Накануне он видел, как везли их, растрясенных за длинную дорогу, прямо в Преображенский приказ. До сих пор стояли в глазах окровавленные бородатые лица, слышался мягкий стук поникших голов о грядки телег...
— Где еще два человека воров? — сразу огорошил Шафиров Петрова, как только тот переступил порог.
В прежней войсковой отписке говорилось о двенадцати булавинцах, но двое сумели откупиться на Филькин жемчуг еще в Закотном и были отправлены Максимовым в Черкасск. Если бы сейчас перед Петровым был сам царь Петр, атаман не стал бы покрывать Максимова, но Шафирову он ответил:
— То дело войскового атамана Максимова, по рассмотрению его двое воров за малой провинностию оставлены в Черкасском.
— А почто печать перстневая, а не войсковая?

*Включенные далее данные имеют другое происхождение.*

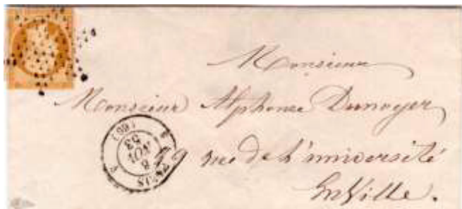
Lettre locale postée le 8 novembre 1853 à Paris (60). Affranchie à 10c avec un timbre au type Présidence (YT 9), au tarif du 1 er échelon des lettres affranchies de Paris à Paris du 1 er juillet 1853.

D'autres timbres aux mêmes valeurs que ceux de la série précédente auraient dû être mis en vente, mais la proclamation du Second Empire dès le 2 décembre 1852 en a décidé autrement. Une série de timbres avec légende EMPIRE FRANC au lieu de REPUB FRANC sera émise à leur place. Ces deux timbres ont donc eu une utilisation très limitée et sont relativement rares sur lettres.

— А печать на письме перстневая, а не войсковая для того, что войсковую печать в походы не емлют, а всегда оставляют с пасекою при атамане, который в Черкасском остается. А атаманом в Черкасском по отъезде войскового атамана Лукьяна Максимова остался Яким Филиппов.
— А почто не Зернщиков?
— То мне неведомо...— потупился Петров, весь осыпанный по лицу потом от жара кабинетной кафельной печи.
— Скажи, каково наказанье чинили вы тем ворам?
— А как побили тех воров при реке Айдаре...
— В письме сказано, будто вы не побили, а они сами ушли в ночи. Так ли?
— Уйти-то ушли, да не от хорошей жизни! — окрысился Петров, сверкнув разбойно глазами. Он ослабил кушак на кафтане, перекрестился.— Зато наутрев мы половили их по буеракам у двух сотен голов. Осьми ворам казнь большую чинили: за ноги повесили, по нашей обыкности — по дубьям да по вербам. Человекам со сто тридцать носы резали, а потом с восемь десятков выслали на Волуйку и отдали там воеводе с распискою. Достальных же приговорено войском послать в украйные города.
— А Булавин? — прищурился хитро Шафиров.
— Проскочил, сатана! — вздохнул Петров, потупясь на свои разбитые сапоги.
— Изловить надобно!
— Изловим, Петр Павлович. За голову его награда объявлена в два ста рублев.
— Ну, добро, что так кончен бунт на Дону. Я уведомлю государя, он вас, верных казаков, не оставит своею милостию.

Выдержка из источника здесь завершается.